Todos los ojos en las cercanías se volvieron hacia ellos.

El profesor sonrió, claramente disfrutando la atención.

—¿Trucos baratos para atraer a mis estudiantes, verdad?

Agarró la muñeca de Lilith. Con fuerza.

—Dime, ¿quién te envió a seducirlos? ¿Fue tu directora?

Rió estrepitosamente.

—¿Qué tan bajo caerá? Primero, nos hace escuchar esos sonidos impíos. ¿Y ahora esto?

Su agarre se apretó aún más.

Lilith no podía liberarse. Su fuerza no significaba nada contra un profesor adulto. Las lágrimas comenzaron a formarse en sus ojos, pero ninguna palabra de protesta podía escapar de sus labios.

Entonces una mano se aferró al brazo del profesor desde atrás.

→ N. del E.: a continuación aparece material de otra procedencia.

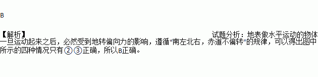 下图中,虚线箭头表示水平运动物体的原始运动方向,实线箭头表示受地转偏向力影响后实际的运动方向,图中所示四种情况,正确的是( )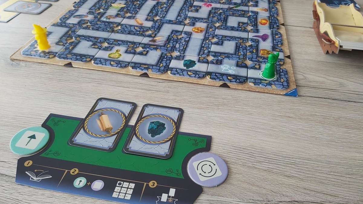 Der Spielplan wird wie vom bekannten Klassiker gewohnt aufgebaut. Danach erhält jede Person eine Schatztafel mit zwei Schatzkarten und zwei Zauberspruch-Plättchen, die je nach Variante unterschiedlich sein können.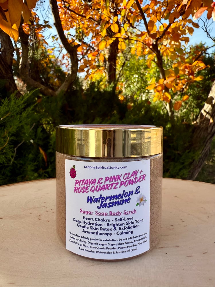 π©·6 oz β’ Pitaya & Pink Clay + Rose Quartz Crystal Powder β’ Watermelon & Jasmine Scent β’ Made with vegan sugar, Shea, butter, avocado oil, Castile soap, mica.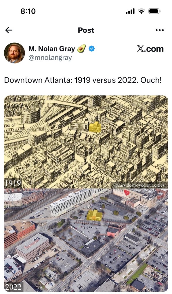 The screenshot below, from a Bloomberg newsletter, tells a story that has been told before. An area in a downtown, or alongside a river, or in a first-tier suburb, becomes blighted beyond repair. As a result, a new development is scheduled to replace it.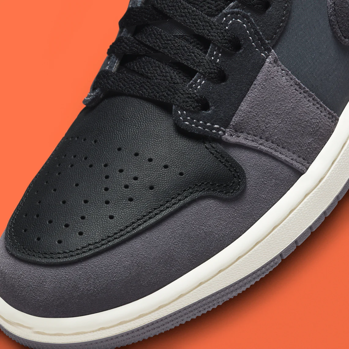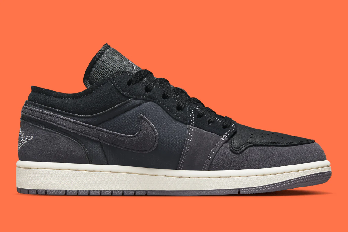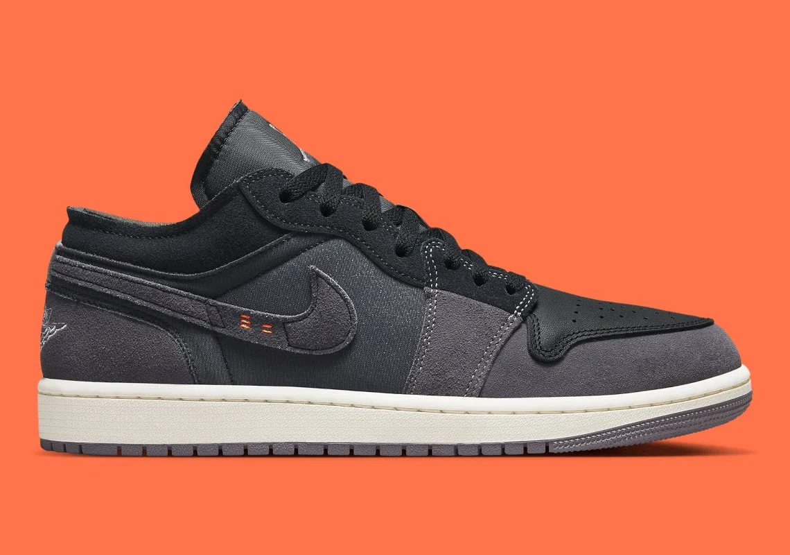 La Air Jordan 1 Low est l’une des versions les plus expérimentales de la première basket signée Michael Jordan. Elle ne cesse d’élargir la liste des modèles de la série. Pour sa prochaine proposition, la silhouette orientée vers le style de vie se laisse aller à un thème « Inside Out » vu sur les paires précédentes. Bien qu’aucune information solide sur l’inspiration derrière les chaussures n’ait été partagée par la marque, le schéma de couleurs prédominant noir et gris, ainsi que l’arrangement asymétrique à travers la tige ressemble à la doublure intérieure. Des surpiqûres oranges minimales exposées au niveau des swooshes latéraux et des boîtes à orteils superposées à un renforcement de l’avant-pied démontrent davantage le thème « Inside Out ». Le reste de la Air Jordan 1 s’adonne à une tenue grise qui ne fait pas un clin d’œil aussi évident à la future version rétro, mais qui reste polyvalente pour être portée toute l’année.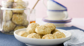 5.- Hornee cada bandeja durante 25 minutos (180ºC). Retire del horno y pincele la superficie con miel. Espolvoree con unas semillas de sésamo. Hornee durante 2 minutos más (180ºC). Retire del horno, deje templar (aprox. 10 minutos) y sirva o conserve en un recipiente hermético.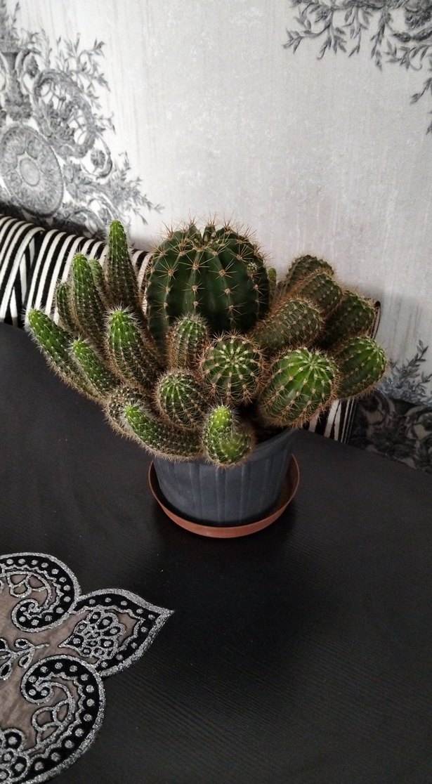 Koyu kahverengi saksıda çoklu dallı canlı yeşil kaktüs, doğal ve dikkat çekici bir ev dekorasyonu sağlar.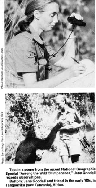 that point. Was the Goodall special harder to write than your others? Jampel: Yes and no. At first I was writing things about the chimps like, "Fifi and Figan are playing while Flint is nearby and Fabin and Flow are fascinated with....,." and it sounded like I was writing for Little Golden Books. We also had a hard time with past and present tense. In other ways, it was easier. It's a story with a beginning, a middle, and an end. It even has a charming, intelligent leading lady, which is rare in documentaries. In most documentaries there's no one for you to identify with. I remember the way the narrator told the Jane Goodall story. It was beautiful, yet so simple. these were your words, weren't they? Jampel: Yes. You can't use fifty-cent words that are gong to make the audience say, "Huh?" If you do, they lose the next two sentences. The minute you start getting too clever, you detract from what you're trying to do. Most of my writing is simple and straightforward, and it tells a story. Cutesy phrases are out. You must tell the story clearly and logically. I learned that wall-to-wall words bombard people and turn them off quickly. So I "create meadows." When you see scenes of Jane walking throught the forest, I had said, "OK, here's the perfect opportunity for a 'meadow.' We'll just let her walk for a while." And we did. She just walked and looked, and then we came back in with narration. |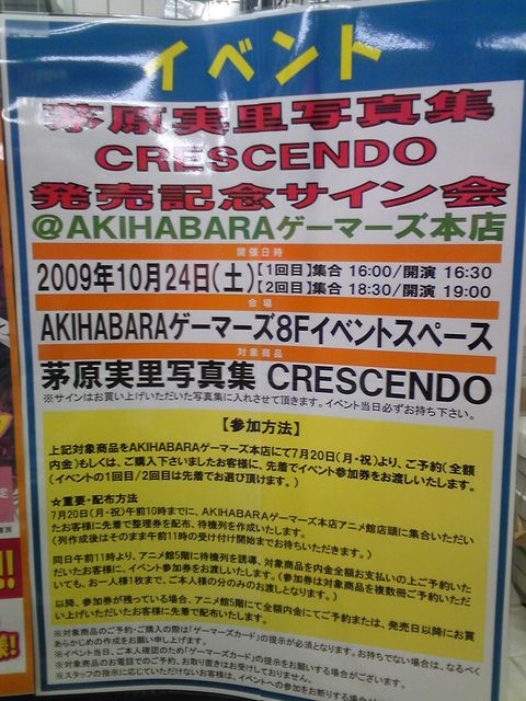 ■アニメイト秋葉原店開催 http://www.animate.co.jp/event_info/event/event_e20091024.html 【開催日】  2009年10月24日(土) 【開催場所】 アニメイト秋葉原 12:30集合/13:00開演 【出演者】  茅原実里さん 【内容】   サイン会 ■AKIHABARAゲーマーズ本店開催 http://www.anibro.jp/akihabara/index.html#event1024 【開催日時】 2009年10月24日(土)16:00開場 16:30開演 【開催場所】 AKIHABARAゲーマーズ本店 【ゲスト】  茅原実里さん 【開催内容】 サイン会 ■アニメイト名古屋店開催 http://www.animate.co.jp/e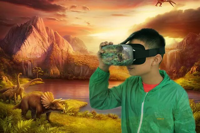 玩VR虚拟现实游戏——身临其境恐龙世界、炫酷过山车等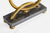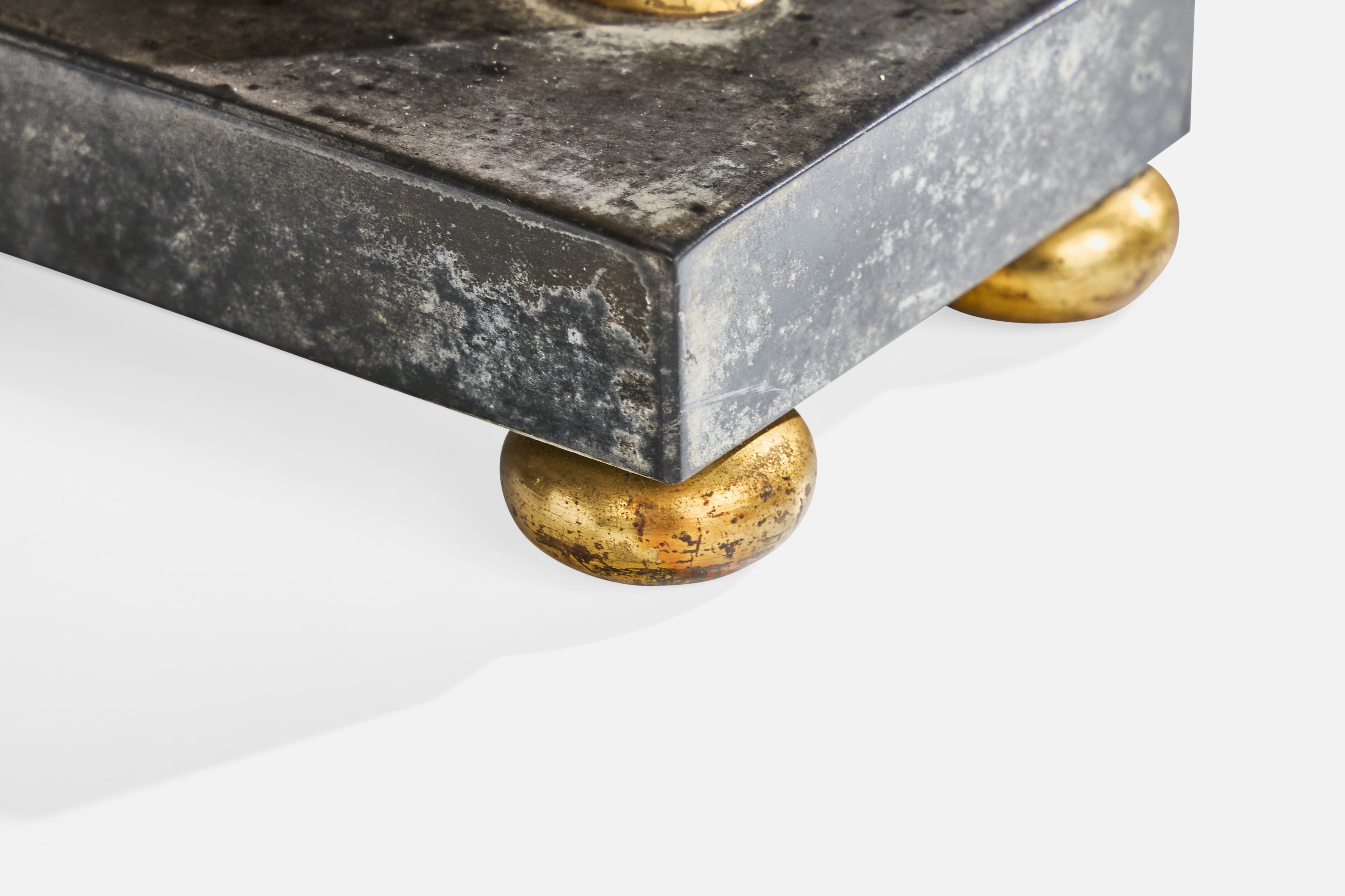 A pair of brass, glass, black marble and white fabric table lamps designed and produced in France, c. 1940s.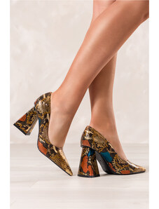 Złote czółenka damskie na geometrycznym obcasie ze skórzaną wkładką wzór wężowy Casu ER24WX2-S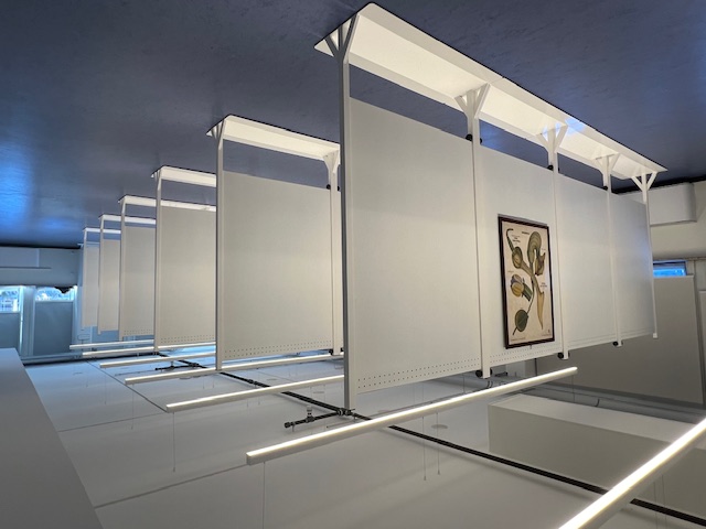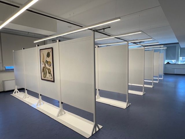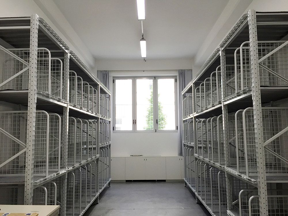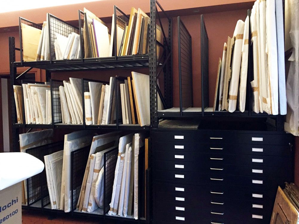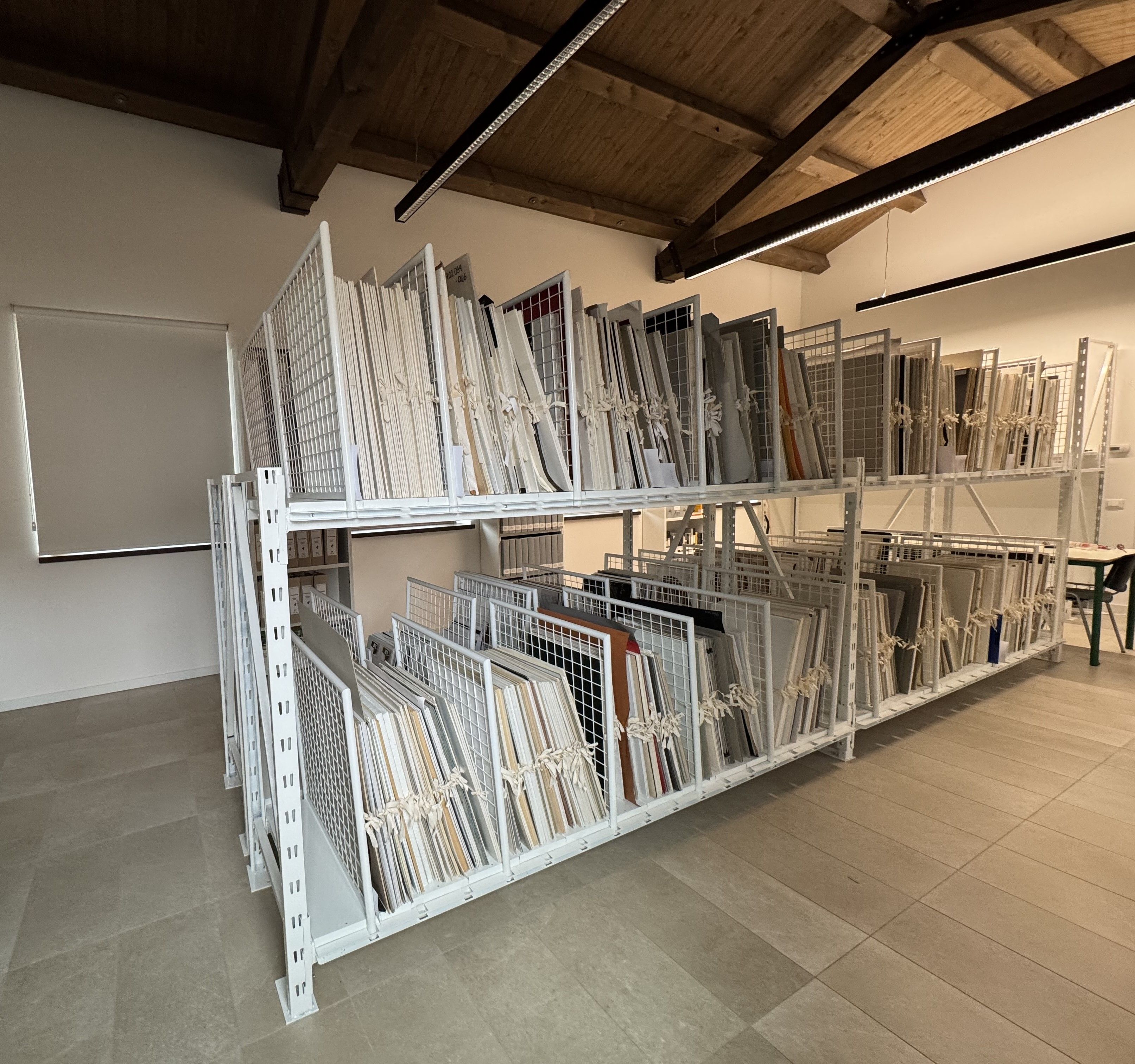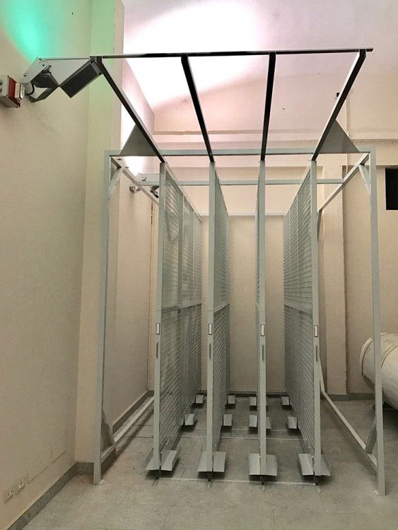 I ripiani possono variare in base all’altezza delle opere da archiviare, si aggiungono i separatori che possono essere di varie altezze da partire da cm. 30 h fino a cm. 150 h per distanze da decidere in base alle cornici o allo spessore delle tele.

Jax lo retorció hacia atrás, bloqueándolo dolorosamente contra la columna vertebral del hombre.

—¡Arghh!

El profesor gritó.

Antes de que pudiera reaccionar más, el pie de Jax se conectó con su trasero.

¡Thud!

La patada lo envió tambaleándose hacia adelante, estrellándose contra sus propios estudiantes.

Los tres se volvieron, siseando de furia.

El profesor se estabilizó, con el rostro contorsionado de rabia.

—¿Qué significa esto?

Se enderezó la chaqueta indignado.

—¿Tiene alguna idea de lo que acaba de hacer? ¿Ha perdido completamente la

—¿Qué cree usted? —la voz de Jax cortó como una navaja—. ¿Que puede asustar a mi estudiante? ¿Amenazarla? ¿Acusarla públicamente?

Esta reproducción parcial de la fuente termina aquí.